Likewise for Hyjal and BT at the moment – there is “I should be there because I got attuned the proper way, and picked up required skills and gear along the way”, and then there is “oh look I can get into BT and Hyjal now, let’s go!”, and a whole world of pain as a result.
wow_ladies member Yueni has also made an awesome post on the subject here, which I believe is worth reading. I especially agree with the way she differentiates between casual and hardcore – like she put it, it’s not how much time you spend, it’s simply how you spend it.
I personally view the hardcore mentality as a constant desire to improve in every way. As simple willingness to put in effort to learn about an encounter, learn about your class, learn about the game mechanics. This is how people get where they get when they get there. A casual guild might wipe on an encounter over and over and over again and just get it down by repetition – a hardcore guild might stroll in, take a look, get a feel for it, and down the boss in a couple of tries.

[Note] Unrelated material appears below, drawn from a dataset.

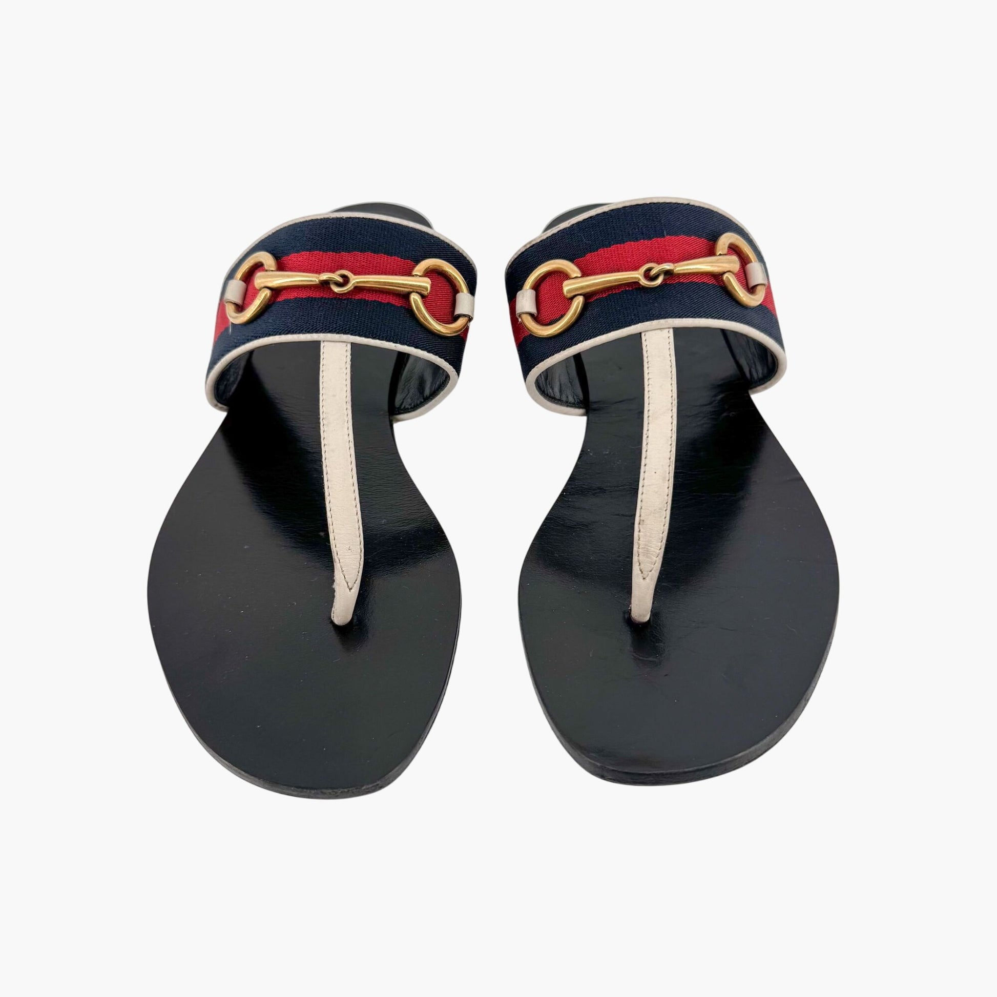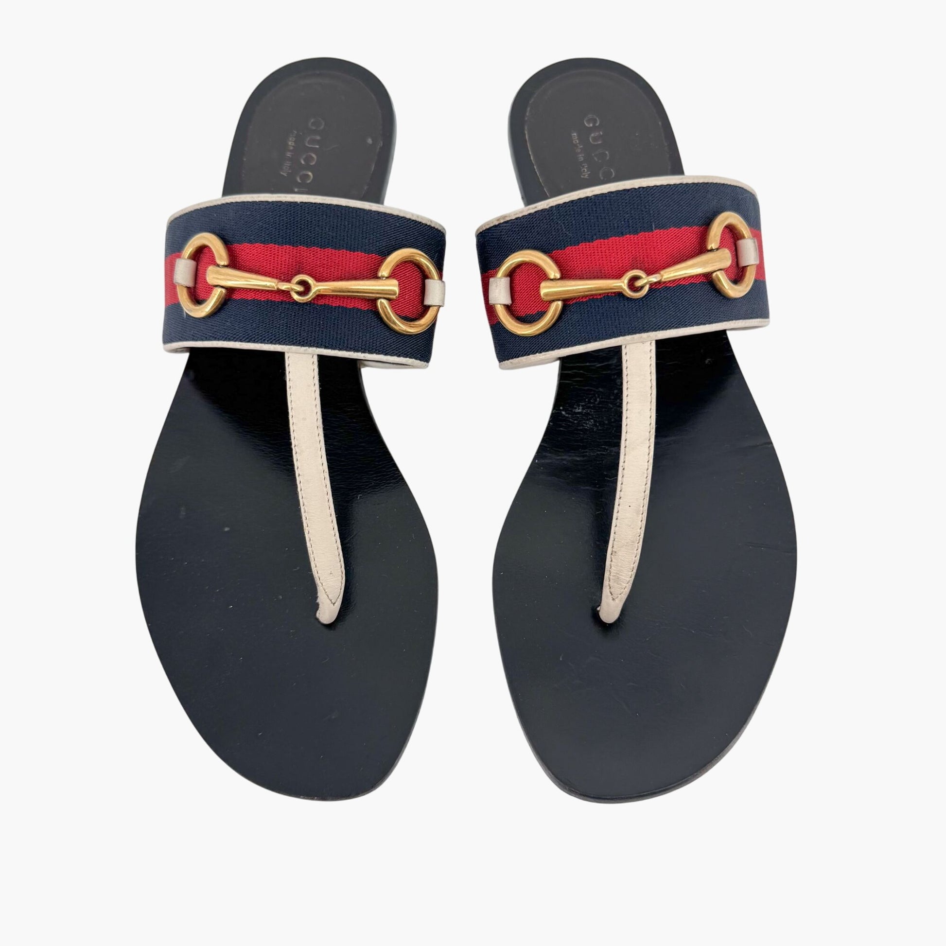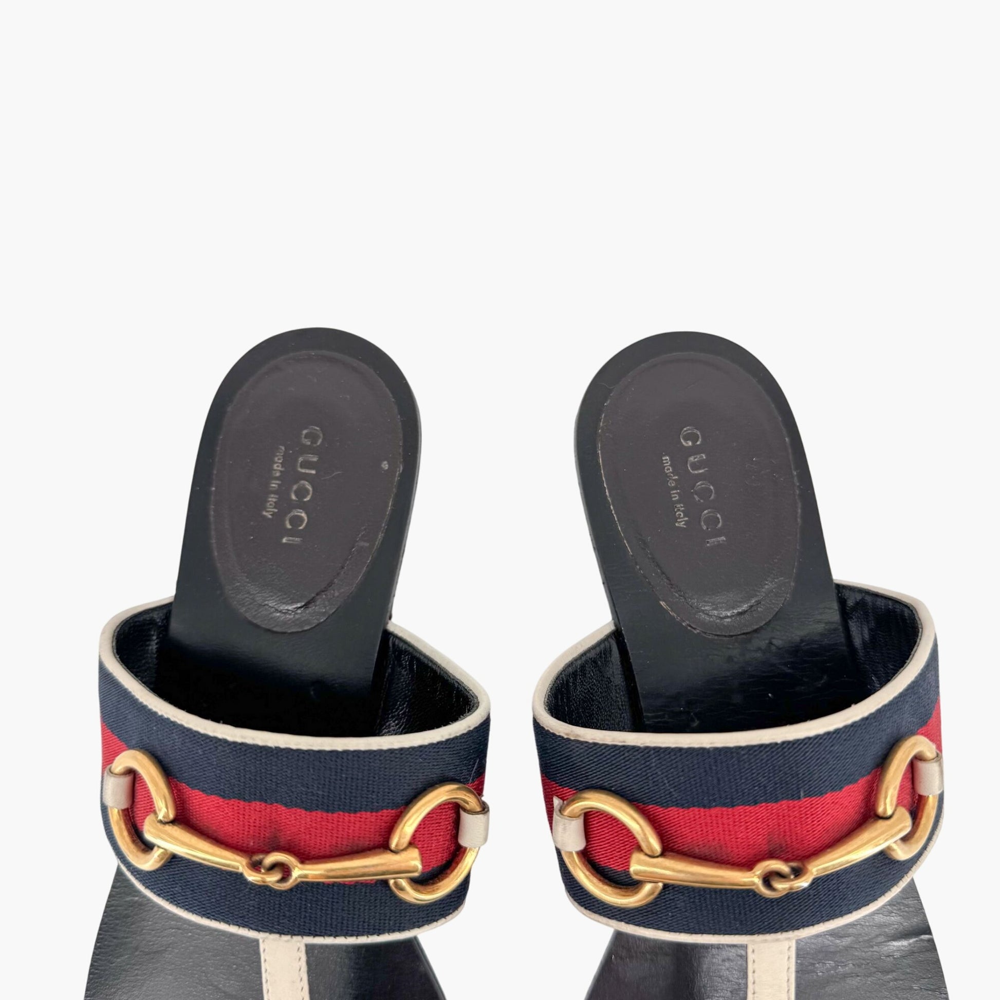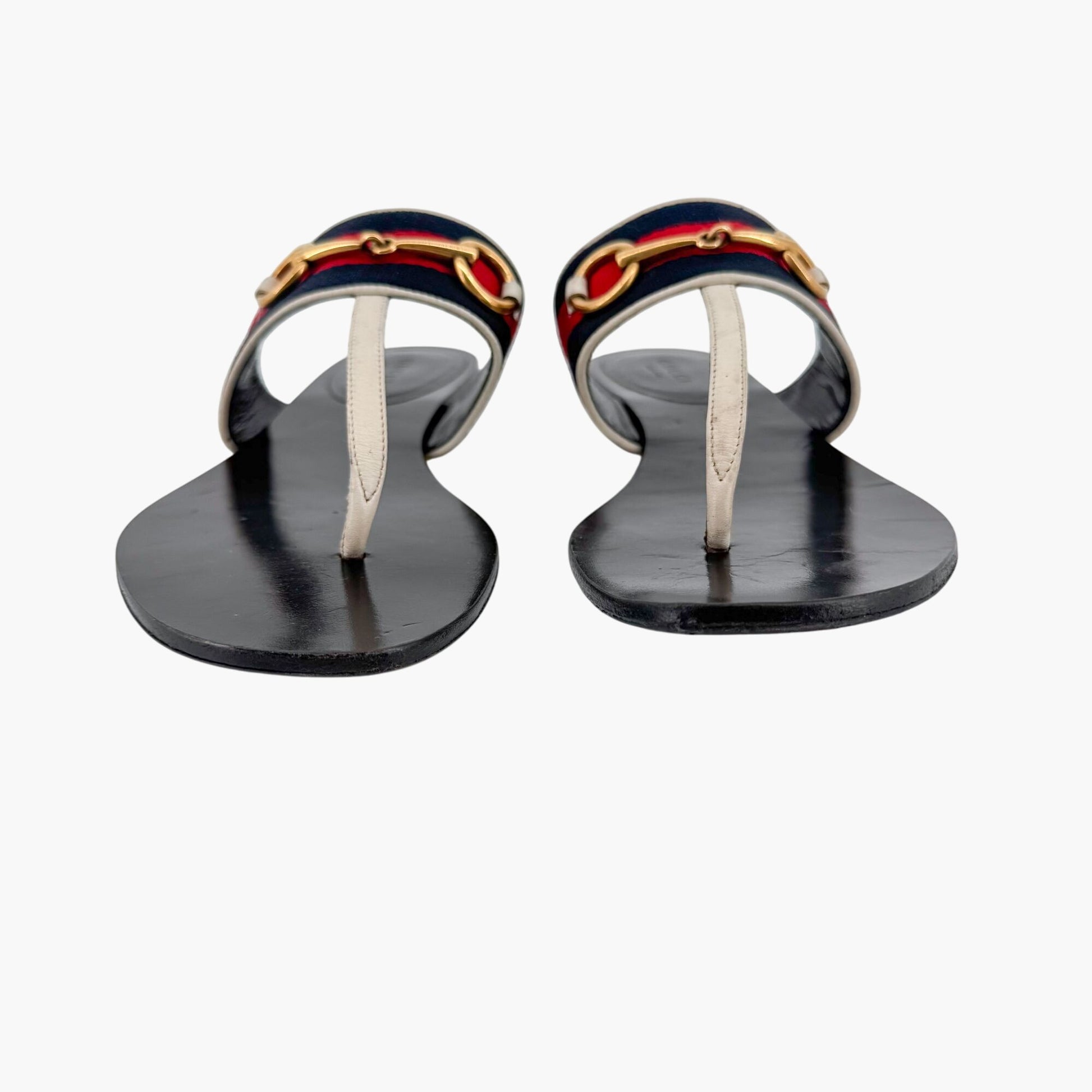 Gucci Horsebit Web Stripe T-Strap Thong Sandals in White Leather – Size 38

Why? Because they probably have done their homework on the boss, watched videos, tweaked their character, gotten the required gear. Whereas a casual just won’t bother because the ingame accomplishment simply doesn’t mean as much to them.

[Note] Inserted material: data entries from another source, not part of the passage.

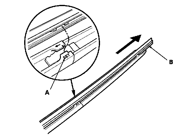 2. Turn the blade (A) to release it from the wiper arm (B).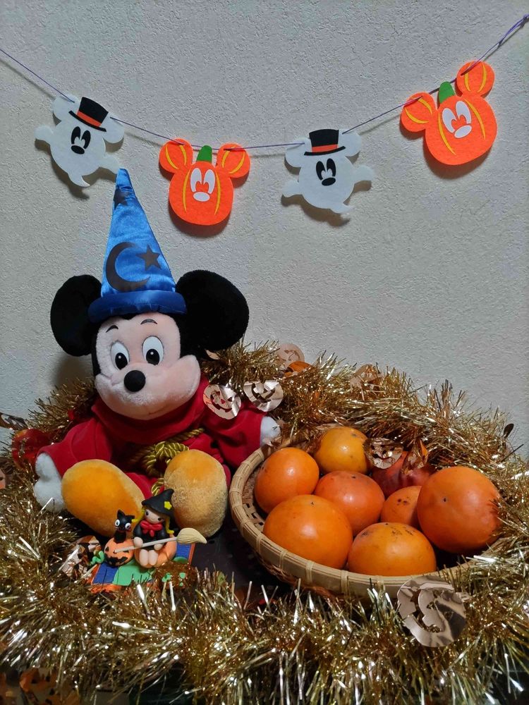 実父より柿のお届けもの💗食後に頂きました。甘くて美味しかったよって(笑)食べた後に📸を撮るのを忘れてしまった残りの柿です🙏10月最後の日は孫の好きなミッキーにも登場してもらいました👻💀☠️🦇🍬🍭🧛🦸
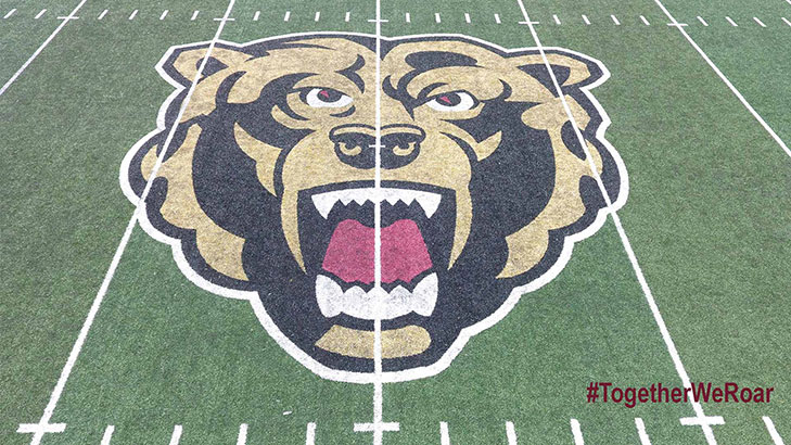 The Golden Bears logo on the field of University Field at Andre Reed Stadium.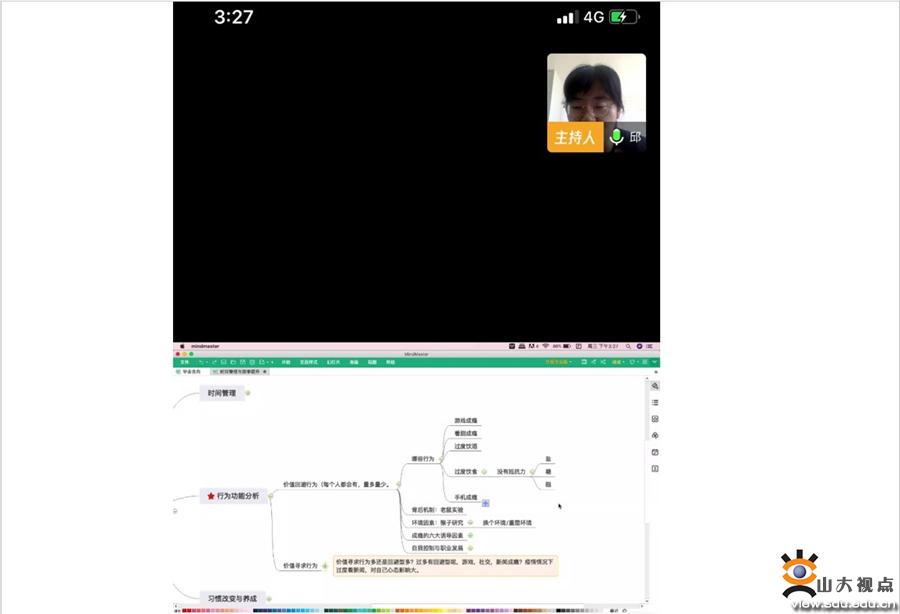 邱瑶就疫情期间同学们长期宅家学习出现的问题进行剖析,从时间管理、亲密关系、压力焦虑三方面给同学们分享宅家保持良好心态的方法。在时间管理上,要把事情按紧急程度和重要程度分类完成。长期在家会出现懒散、效率低下等现象,可以通过改变周围环境、改变行动方式、增加监督等方法有效管理时间。在与父母家人的亲密关系处理上,要重视沟通在亲密关系中的重要作用,遇到问题不要以自我为中心,通过沟通交流共同面对问题,把“我VS你”转变为“我们VS问题”。要学会恰当的表达,努力让自己想说的话恰好是别人想听的。在压力和焦虑情绪管理上,要认识到每个人都会有的正常情绪,大多数同学会对考研复试和毕业设计产生焦虑,有焦虑后要采取行动,积极改变,把焦虑和压力转化成我们不断前进的动力。
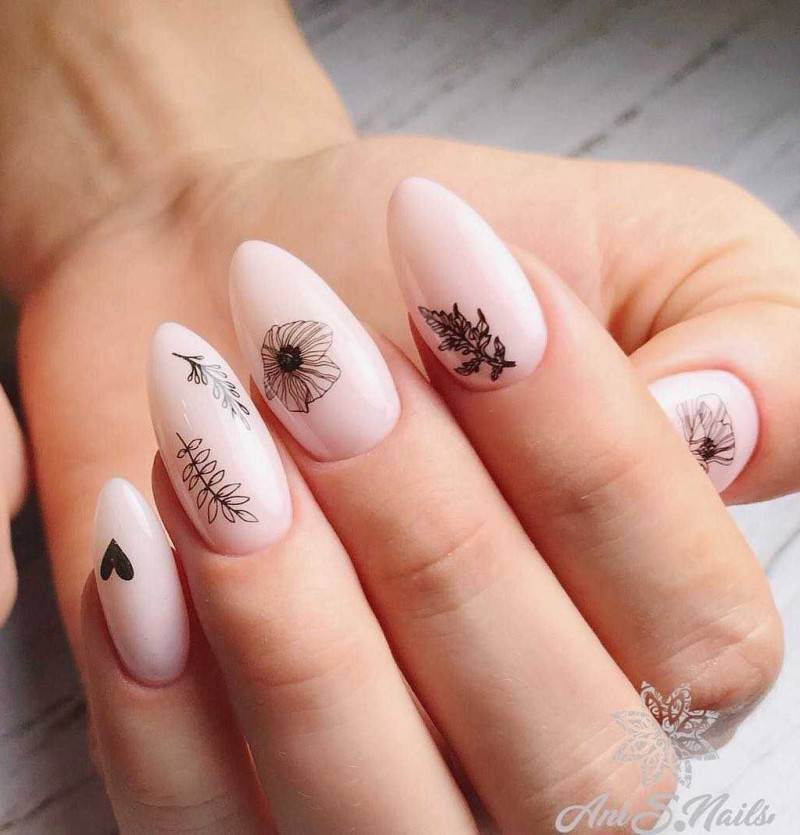 Особенно летом 2021 будут ценится простые одуванчики. Они выполняются в едином или множественном числе, где каждый цветок сможет украшать свою часть ноготка. Больше всего пользуется популярностью черно-белый рисунок на пастельном тоне.

To me, casual is “we don’t take this as seriously as others” and that’s perfectly fine – it’s not an insult. Some people play the game for the sole purpose of downing bosses on the bleeding edge content. Some people play to have fun and don’t care where they are or how they get there. Some people are in the middle. It’s a “to each their own” affair. One side is not superior to the other, they just take delight in different things.
However, returning to the original point, the effort (read, not time, effort, for time is not always equivalent to effort – I think a lot of us know how easy to be mentally AFK in raids) one puts in should be equivalent to the reward one gets. If you spent extra time gearing up, learning game and boss mechanics, farming the consumables and gold needed for raids, the bosses you get to see and the purplez you get to wear are your rewards. If you simply don’t have the will or the time for that, as I am at this moment, that’s fine too, like me you end up running Karazhan once a week, taking sneak peeks into Zul’Aman, leveling alts and PvPing. And generally having as much fun as a raider would have downing Illidan. No one has a problem with that.
But if you come over and start crying because you don’t have the time, can’t be bothered to put in the effort because this is “just a game”, insult the entire raiding crowd because they obviously have no life, and overall act like you are entitled to seeing some of the best content the game has to offer, then you can just GTFO. We have a problem with that.
And that’s what I have to say on the matter.